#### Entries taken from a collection
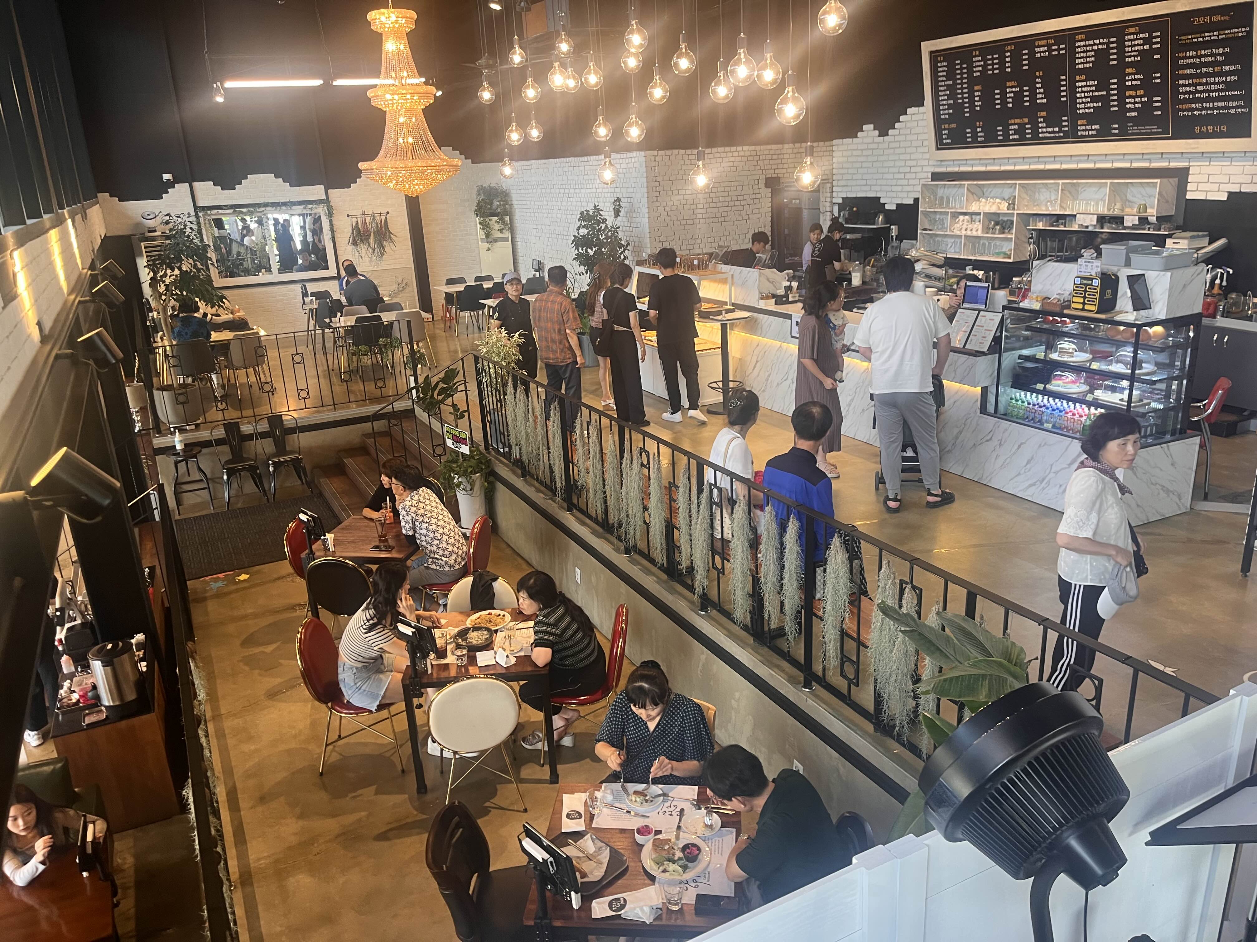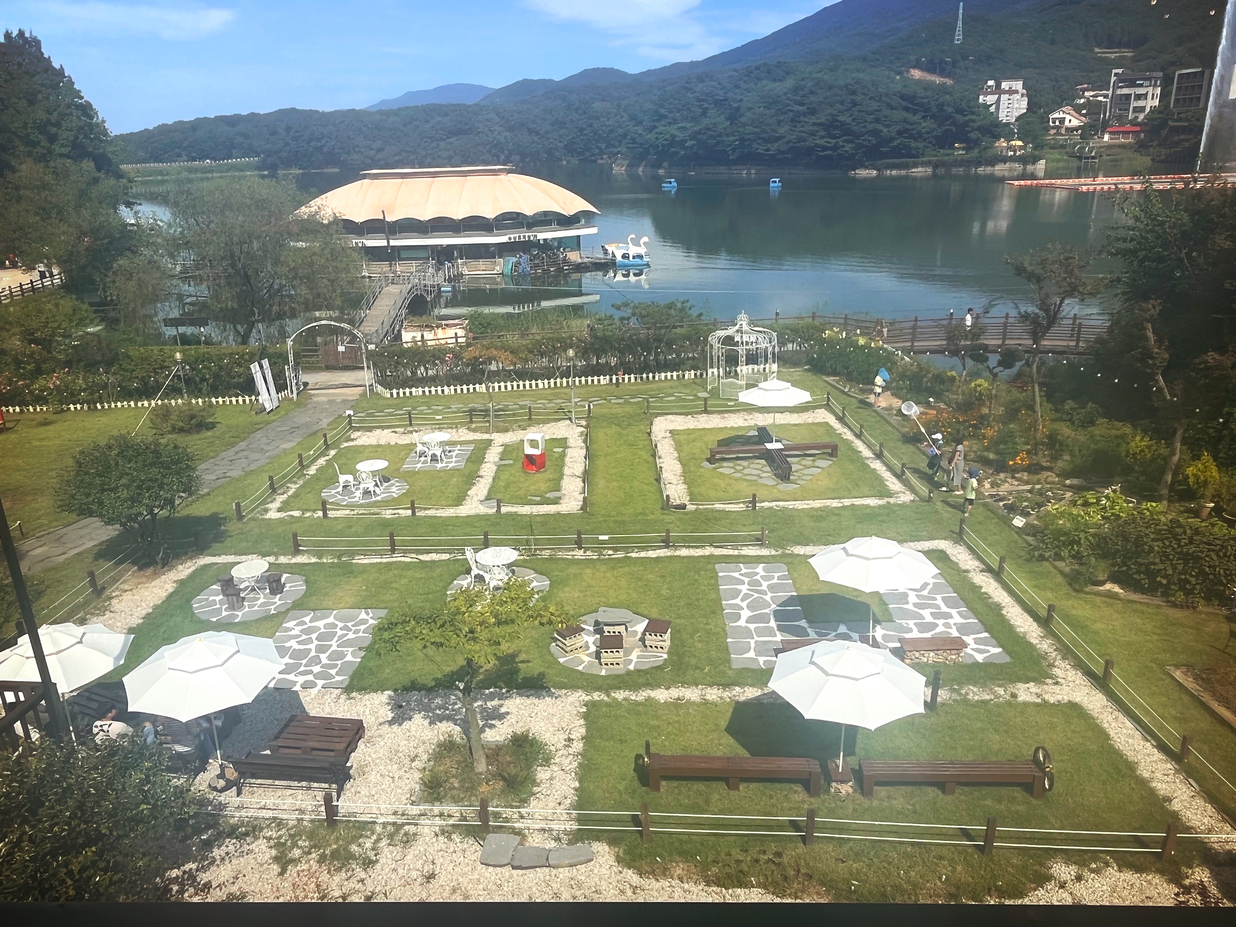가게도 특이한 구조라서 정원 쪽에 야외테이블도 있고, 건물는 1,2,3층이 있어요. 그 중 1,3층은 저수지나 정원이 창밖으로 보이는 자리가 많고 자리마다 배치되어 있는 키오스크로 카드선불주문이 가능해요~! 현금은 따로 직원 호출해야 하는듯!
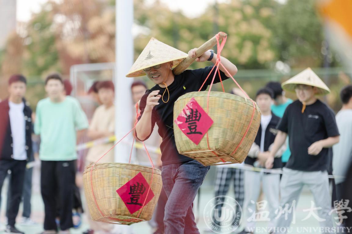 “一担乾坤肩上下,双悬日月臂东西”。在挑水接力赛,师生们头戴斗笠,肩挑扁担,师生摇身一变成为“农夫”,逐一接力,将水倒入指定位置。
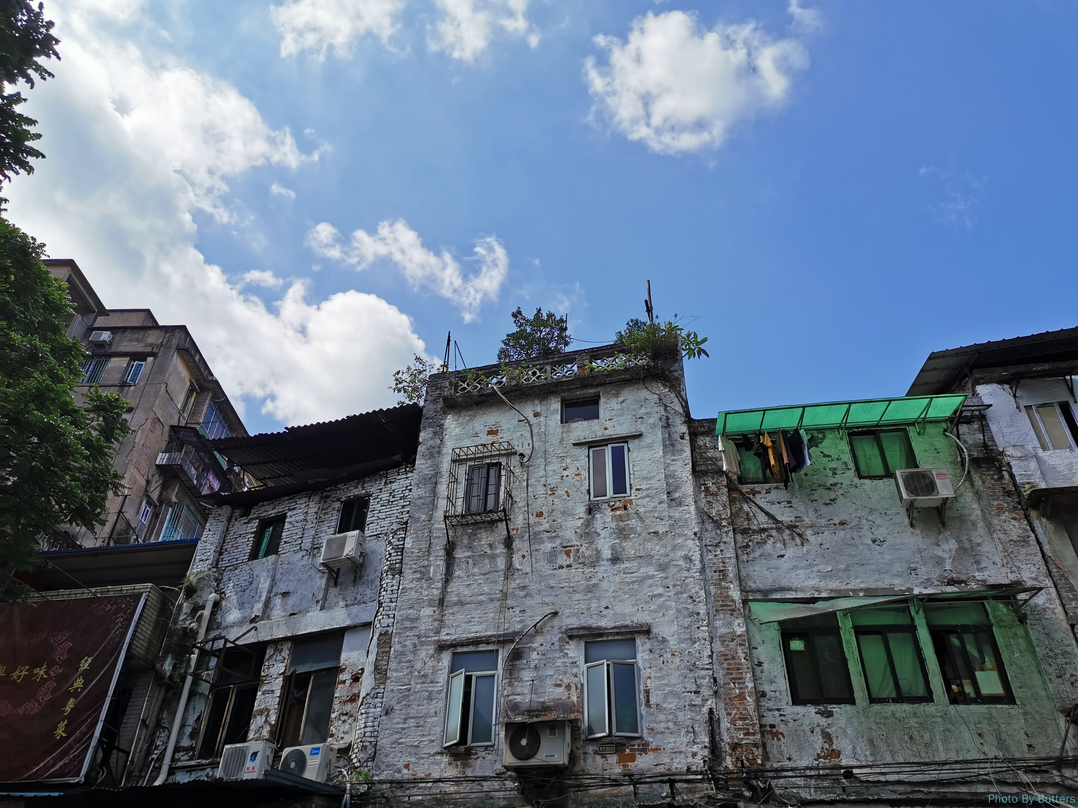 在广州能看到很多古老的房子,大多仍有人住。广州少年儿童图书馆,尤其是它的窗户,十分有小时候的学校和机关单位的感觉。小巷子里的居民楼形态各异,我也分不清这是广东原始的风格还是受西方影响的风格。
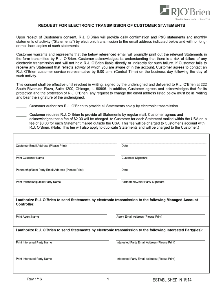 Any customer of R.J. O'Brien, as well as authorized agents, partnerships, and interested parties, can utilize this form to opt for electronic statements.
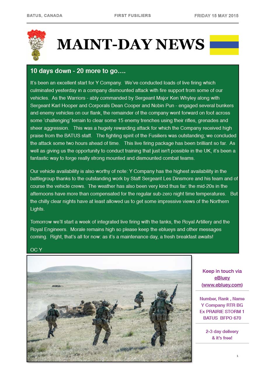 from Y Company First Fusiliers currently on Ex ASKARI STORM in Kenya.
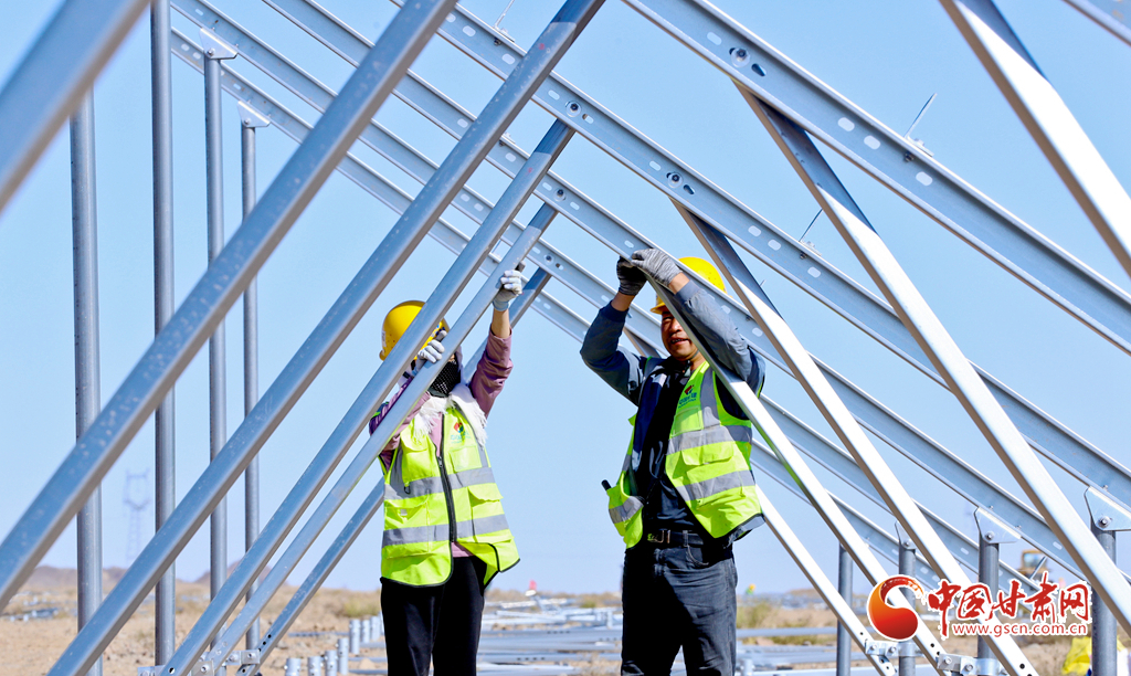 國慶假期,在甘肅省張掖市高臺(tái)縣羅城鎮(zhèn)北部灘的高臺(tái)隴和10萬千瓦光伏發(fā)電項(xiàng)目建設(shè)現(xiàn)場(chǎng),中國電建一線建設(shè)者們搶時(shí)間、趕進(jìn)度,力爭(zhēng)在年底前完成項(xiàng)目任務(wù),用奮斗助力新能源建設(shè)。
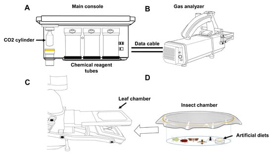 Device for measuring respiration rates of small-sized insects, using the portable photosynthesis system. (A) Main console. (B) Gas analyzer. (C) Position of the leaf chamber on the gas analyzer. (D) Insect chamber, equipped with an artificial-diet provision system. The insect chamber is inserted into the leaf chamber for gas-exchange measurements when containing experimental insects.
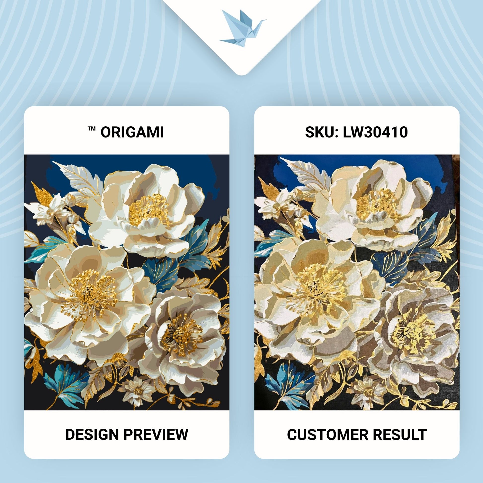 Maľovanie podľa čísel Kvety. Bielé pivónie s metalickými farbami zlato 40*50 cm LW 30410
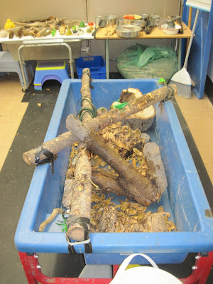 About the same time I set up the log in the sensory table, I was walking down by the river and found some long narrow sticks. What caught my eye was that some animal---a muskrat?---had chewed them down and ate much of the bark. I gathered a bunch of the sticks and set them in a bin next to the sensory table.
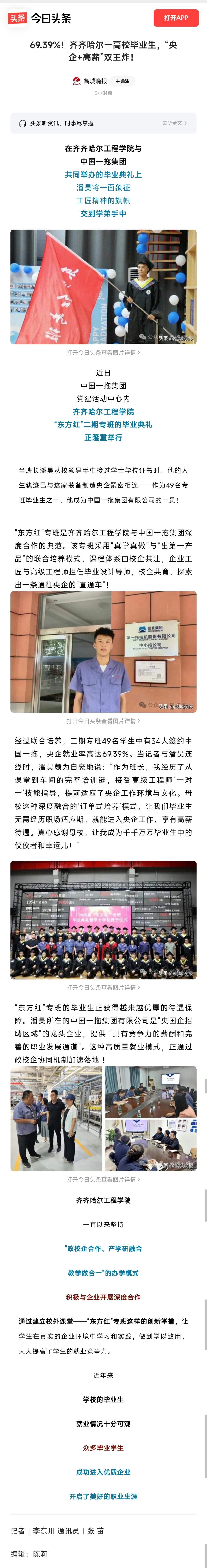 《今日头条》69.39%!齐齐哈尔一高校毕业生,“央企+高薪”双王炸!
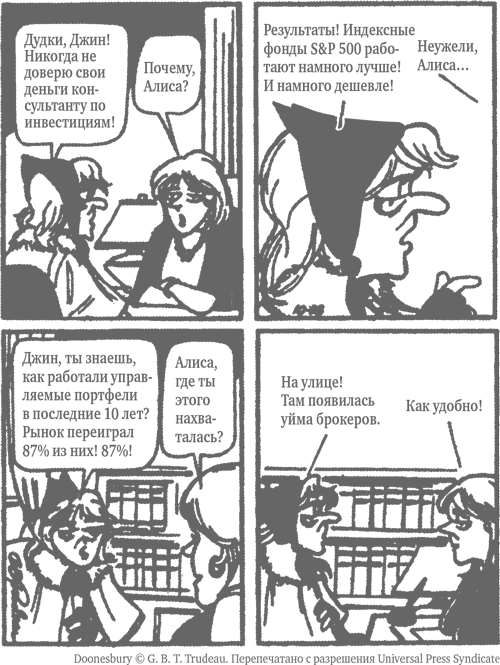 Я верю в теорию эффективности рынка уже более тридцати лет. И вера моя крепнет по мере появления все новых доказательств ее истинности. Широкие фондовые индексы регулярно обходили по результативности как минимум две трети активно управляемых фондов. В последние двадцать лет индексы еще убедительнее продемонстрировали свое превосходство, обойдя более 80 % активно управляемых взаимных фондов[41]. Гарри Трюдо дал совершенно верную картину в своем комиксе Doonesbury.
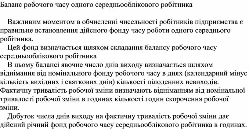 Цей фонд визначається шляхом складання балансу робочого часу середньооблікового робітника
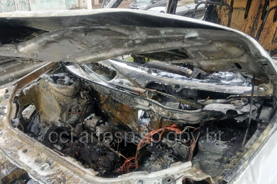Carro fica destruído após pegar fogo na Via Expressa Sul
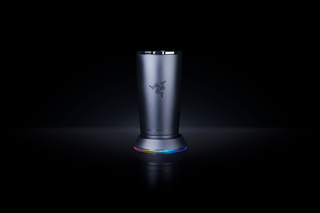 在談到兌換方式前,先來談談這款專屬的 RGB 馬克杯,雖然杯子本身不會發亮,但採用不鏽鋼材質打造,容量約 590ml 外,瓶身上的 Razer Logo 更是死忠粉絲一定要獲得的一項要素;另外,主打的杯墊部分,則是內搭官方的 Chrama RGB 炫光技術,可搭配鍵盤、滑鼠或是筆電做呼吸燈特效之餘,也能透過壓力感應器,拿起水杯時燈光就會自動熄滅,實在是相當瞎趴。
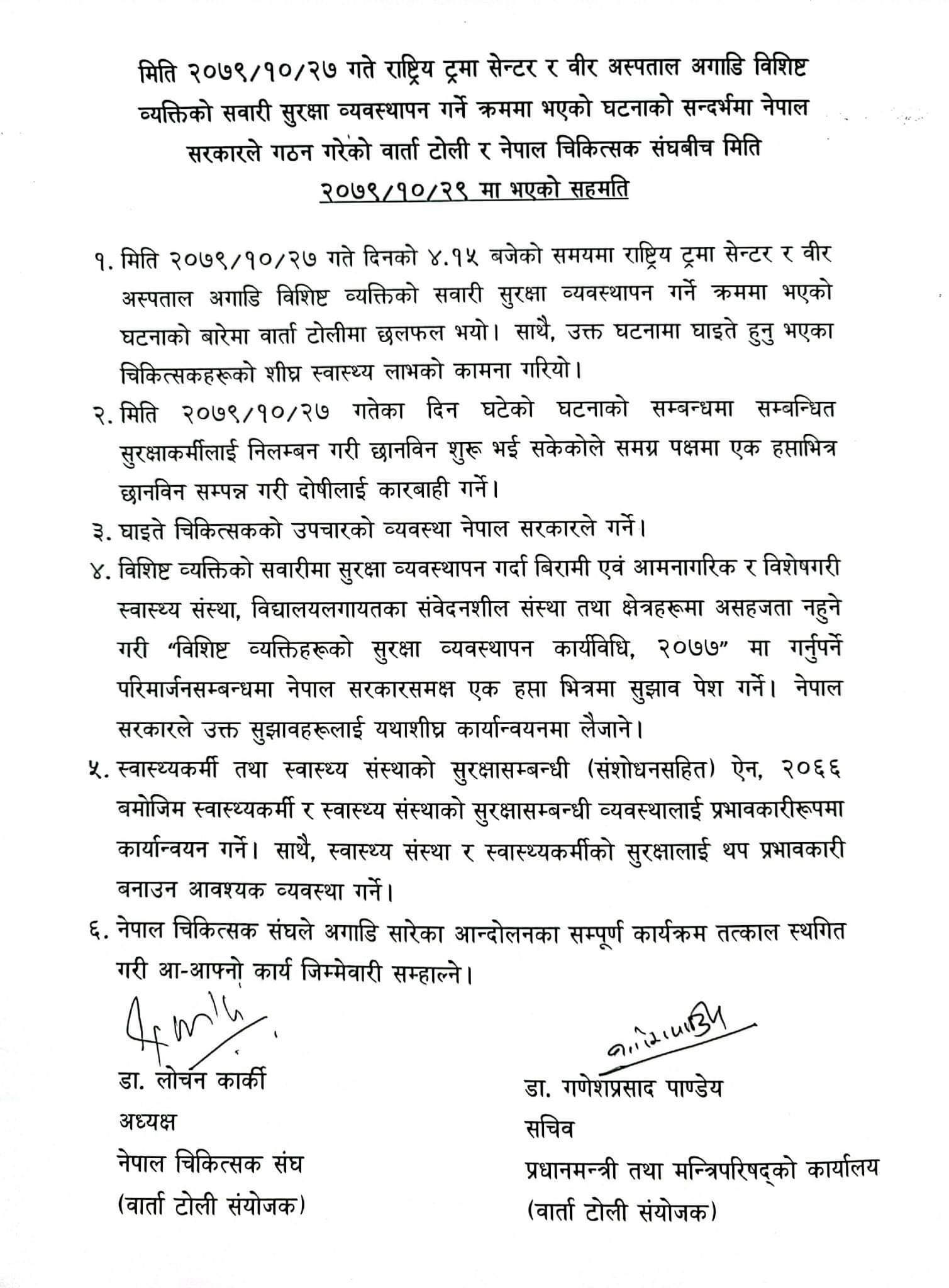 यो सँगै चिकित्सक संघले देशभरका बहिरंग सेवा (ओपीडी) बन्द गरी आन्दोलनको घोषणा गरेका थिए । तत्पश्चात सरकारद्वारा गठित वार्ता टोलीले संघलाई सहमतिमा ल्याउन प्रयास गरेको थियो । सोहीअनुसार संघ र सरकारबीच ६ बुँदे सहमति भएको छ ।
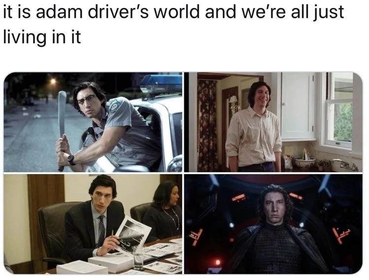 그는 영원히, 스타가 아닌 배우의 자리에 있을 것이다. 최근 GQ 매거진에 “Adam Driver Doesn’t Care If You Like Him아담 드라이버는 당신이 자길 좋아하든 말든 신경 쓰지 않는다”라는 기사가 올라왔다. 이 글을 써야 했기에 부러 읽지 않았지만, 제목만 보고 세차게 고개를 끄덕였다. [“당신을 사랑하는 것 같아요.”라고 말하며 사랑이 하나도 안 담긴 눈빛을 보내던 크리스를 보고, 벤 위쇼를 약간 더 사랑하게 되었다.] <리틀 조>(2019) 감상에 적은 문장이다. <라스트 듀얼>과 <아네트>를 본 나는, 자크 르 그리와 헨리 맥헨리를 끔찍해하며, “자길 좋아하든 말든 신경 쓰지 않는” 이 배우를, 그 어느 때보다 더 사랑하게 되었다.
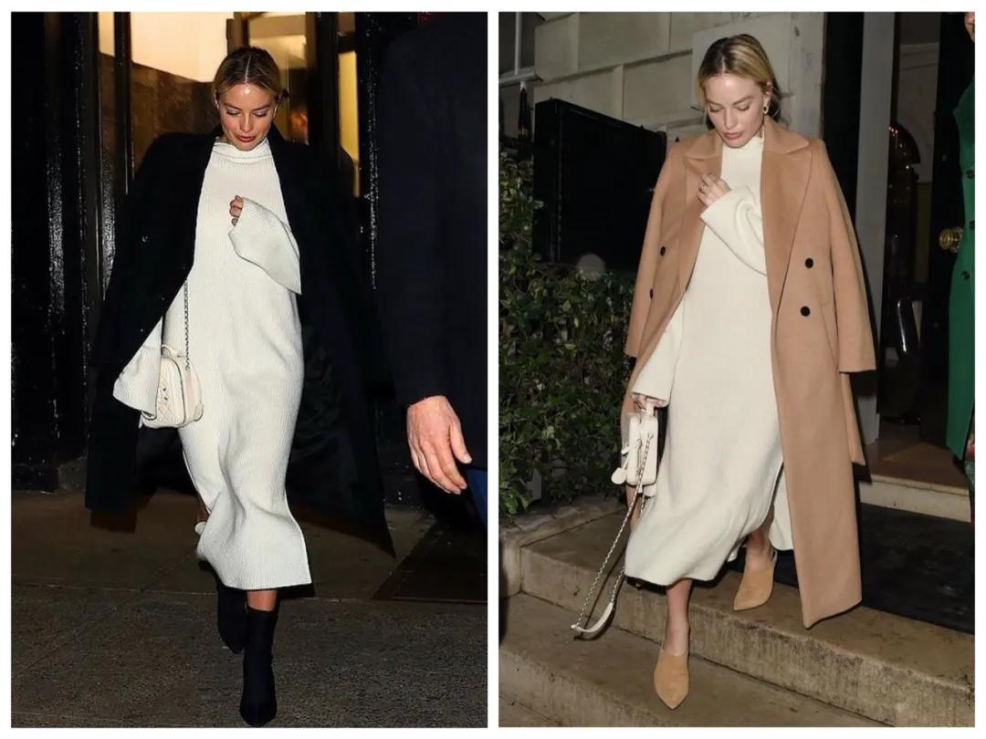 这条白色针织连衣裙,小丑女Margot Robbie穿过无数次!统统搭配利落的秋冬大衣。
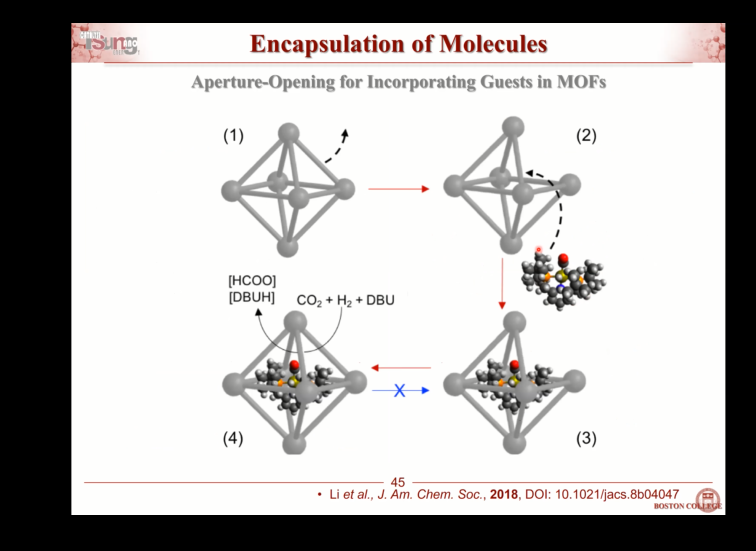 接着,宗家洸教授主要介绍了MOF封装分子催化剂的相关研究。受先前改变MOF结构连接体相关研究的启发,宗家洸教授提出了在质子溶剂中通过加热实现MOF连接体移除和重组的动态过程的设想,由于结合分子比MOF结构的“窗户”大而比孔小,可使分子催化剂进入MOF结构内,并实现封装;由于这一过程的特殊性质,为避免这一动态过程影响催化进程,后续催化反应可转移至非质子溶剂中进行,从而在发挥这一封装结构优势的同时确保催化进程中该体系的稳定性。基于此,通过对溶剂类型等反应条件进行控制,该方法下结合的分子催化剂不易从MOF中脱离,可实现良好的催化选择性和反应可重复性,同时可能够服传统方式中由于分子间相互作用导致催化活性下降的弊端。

#### GOAL OF THE EXERCISE
The answer is the lines above, word for word, from the first one through the one containing "國慶假期,在甘肅省張掖市高臺"; it includes no pictures.

#### REPLY TO THE EXERCISE
가게도 특이한 구조라서 정원 쪽에 야외테이블도 있고, 건물는 1,2,3층이 있어요. 그 중 1,3층은 저수지나 정원이 창밖으로 보이는 자리가 많고 자리마다 배치되어 있는 키오스크로 카드선불주문이 가능해요~! 현금은 따로 직원 호출해야 하는듯!
 “一担乾坤肩上下,双悬日月臂东西”。在挑水接力赛,师生们头戴斗笠,肩挑扁担,师生摇身一变成为“农夫”,逐一接力,将水倒入指定位置。
 在广州能看到很多古老的房子,大多仍有人住。广州少年儿童图书馆,尤其是它的窗户,十分有小时候的学校和机关单位的感觉。小巷子里的居民楼形态各异,我也分不清这是广东原始的风格还是受西方影响的风格。
 Any customer of R.J. O'Brien, as well as authorized agents, partnerships, and interested parties, can utilize this form to opt for electronic statements.
 from Y Company First Fusiliers currently on Ex ASKARI STORM in Kenya.
 國慶假期,在甘肅省張掖市高臺(tái)縣羅城鎮(zhèn)北部灘的高臺(tái)隴和10萬千瓦光伏發(fā)電項(xiàng)目建設(shè)現(xiàn)場(chǎng),中國電建一線建設(shè)者們搶時(shí)間、趕進(jìn)度,力爭(zhēng)在年底前完成項(xiàng)目任務(wù),用奮斗助力新能源建設(shè)。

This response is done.